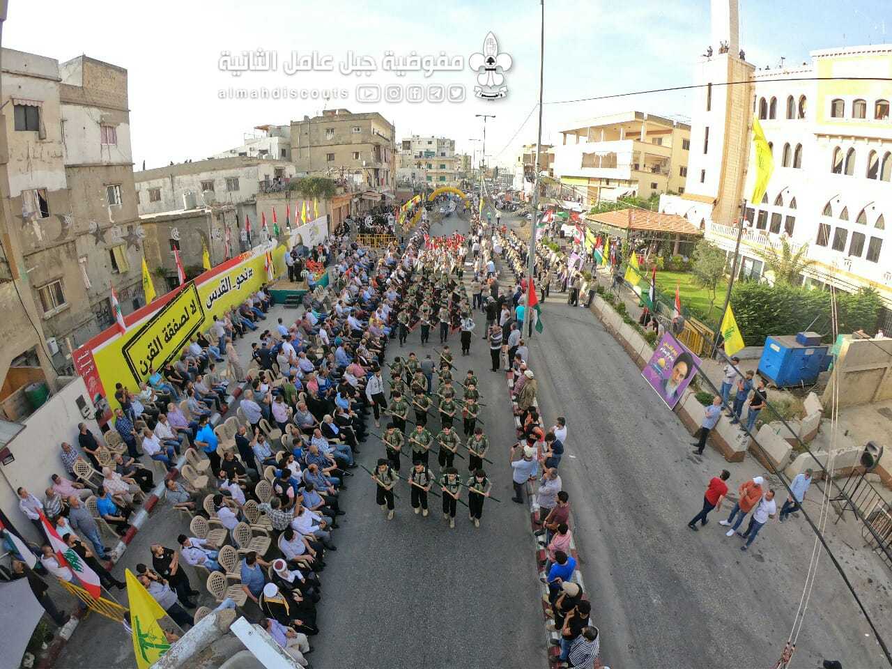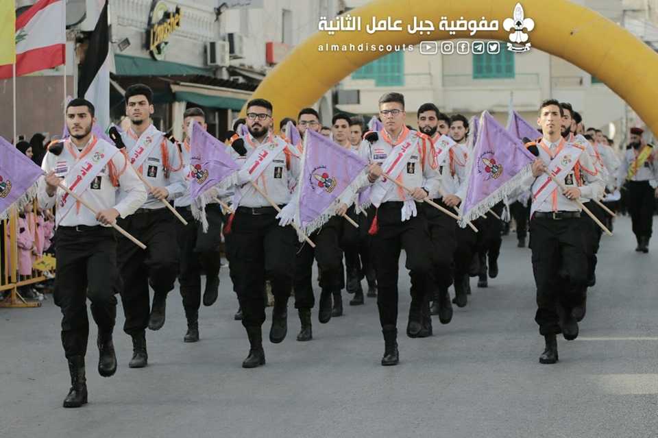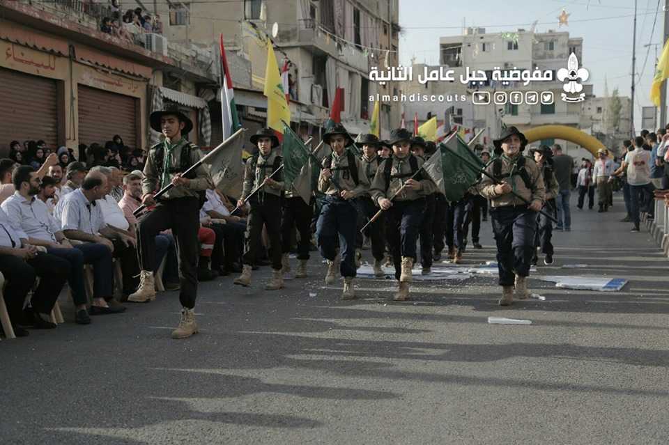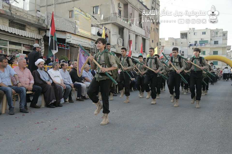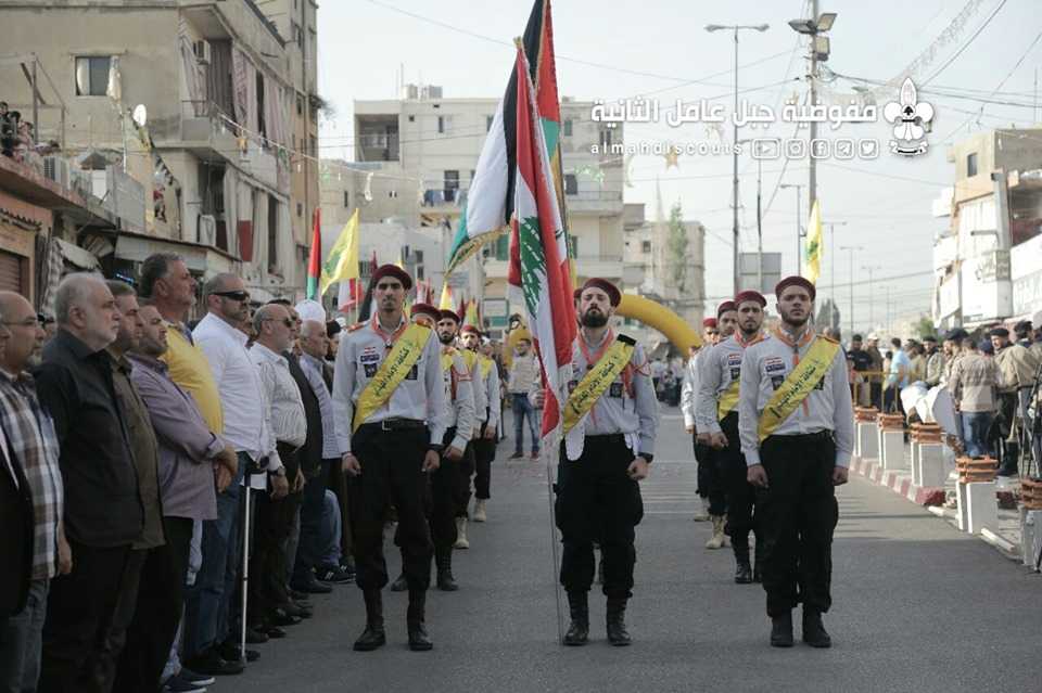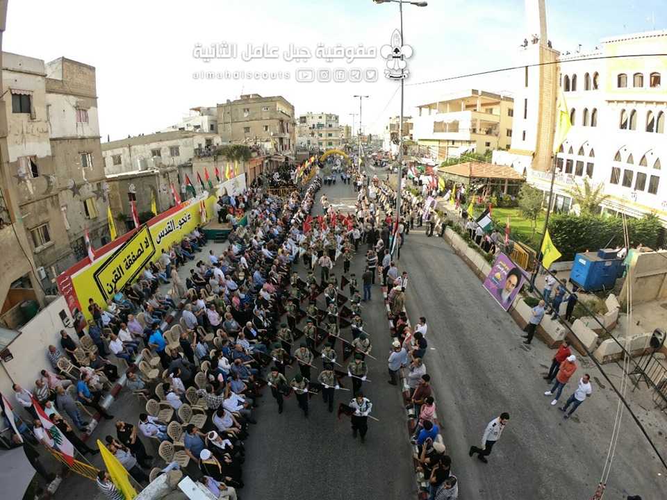 وبألوانها الكشفية وعلى وقع معزوفات فرقة جبل عامل الموسيقية، سارت السرايا الكشفية التي حملت أسماء شهداء فلسطين ولبنان.
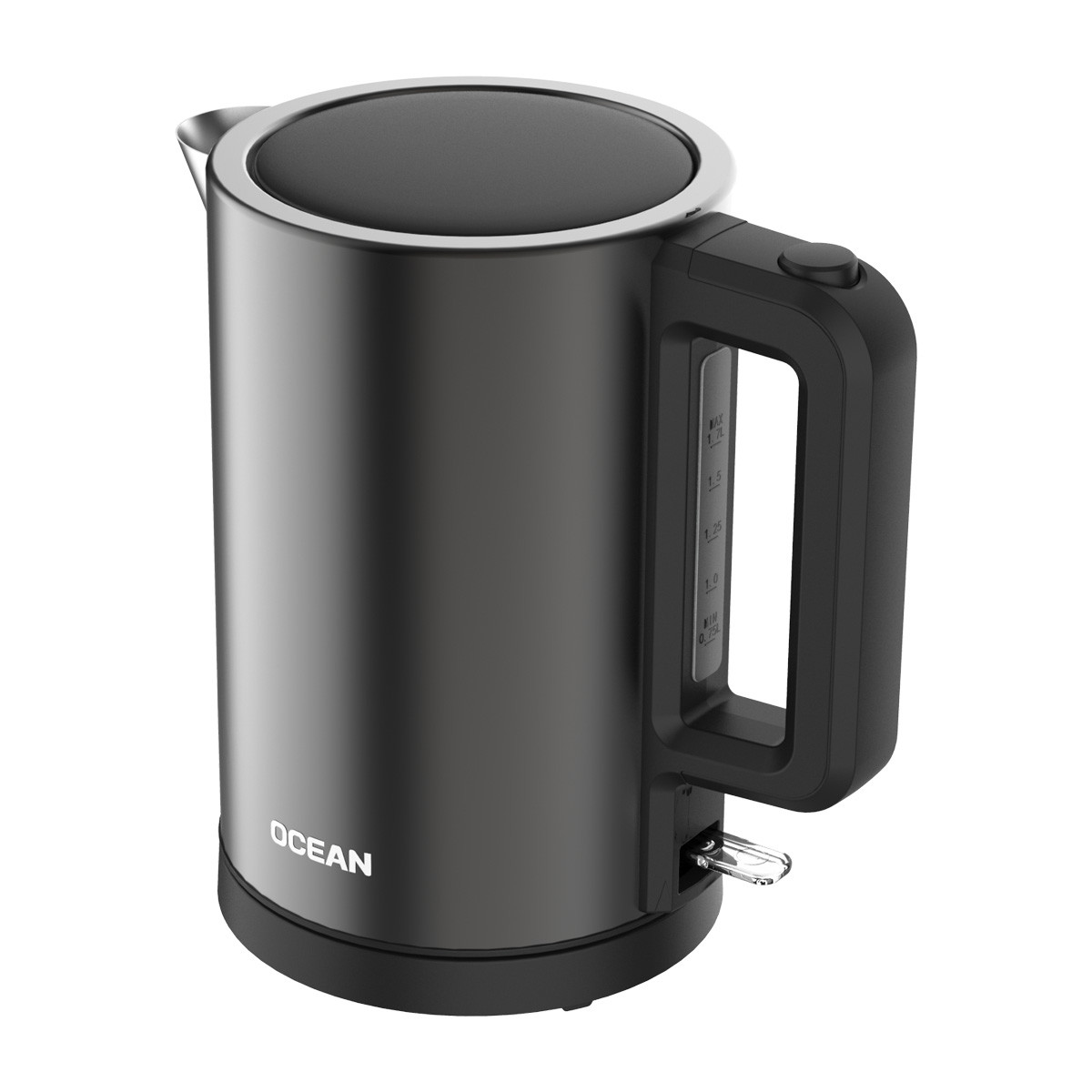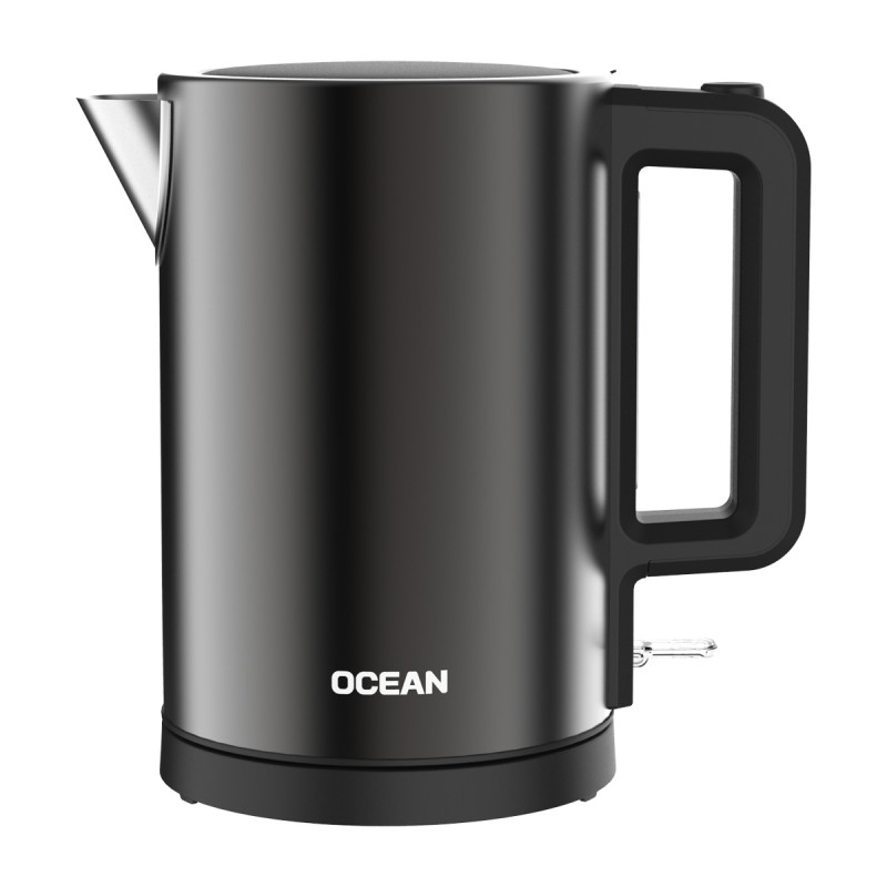 Bollitore cordless 1850–2200 W corpo in acciaio inox con finitura grigio scuro e coperchio in plastica con finestra livello acqua spegnimento automatico/manuale protezione contro il surriscaldamento a secco resistenza riscaldante nascosta.
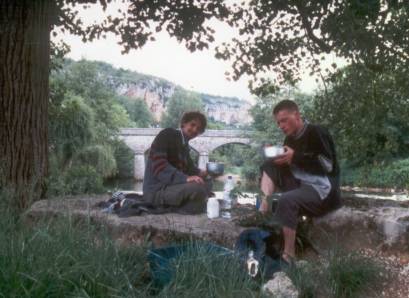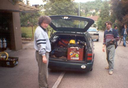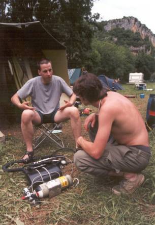 Dummerweise gab Bernd´s Kompressor beim ersten Füllversuch den Geist auf, aber Duncan, einer der frdl. Helfer Rick´s, gab uns den Tip, dass es in Gramat eine Füllanlage gäbe. Das war die Rettung, denn wir konnten nicht ständig bei Ralph Wilhelm, der auch in St. Sulpice verweilte, füllen. |  |

=-=-=-=-=

Only lines belong in the copy: transcribe those from the start of the data through the line that contains "Bollitore cordless 1850–2200", and skip the pictures.

 وبألوانها الكشفية وعلى وقع معزوفات فرقة جبل عامل الموسيقية، سارت السرايا الكشفية التي حملت أسماء شهداء فلسطين ولبنان.
 Bollitore cordless 1850–2200 W corpo in acciaio inox con finitura grigio scuro e coperchio in plastica con finestra livello acqua spegnimento automatico/manuale protezione contro il surriscaldamento a secco resistenza riscaldante nascosta.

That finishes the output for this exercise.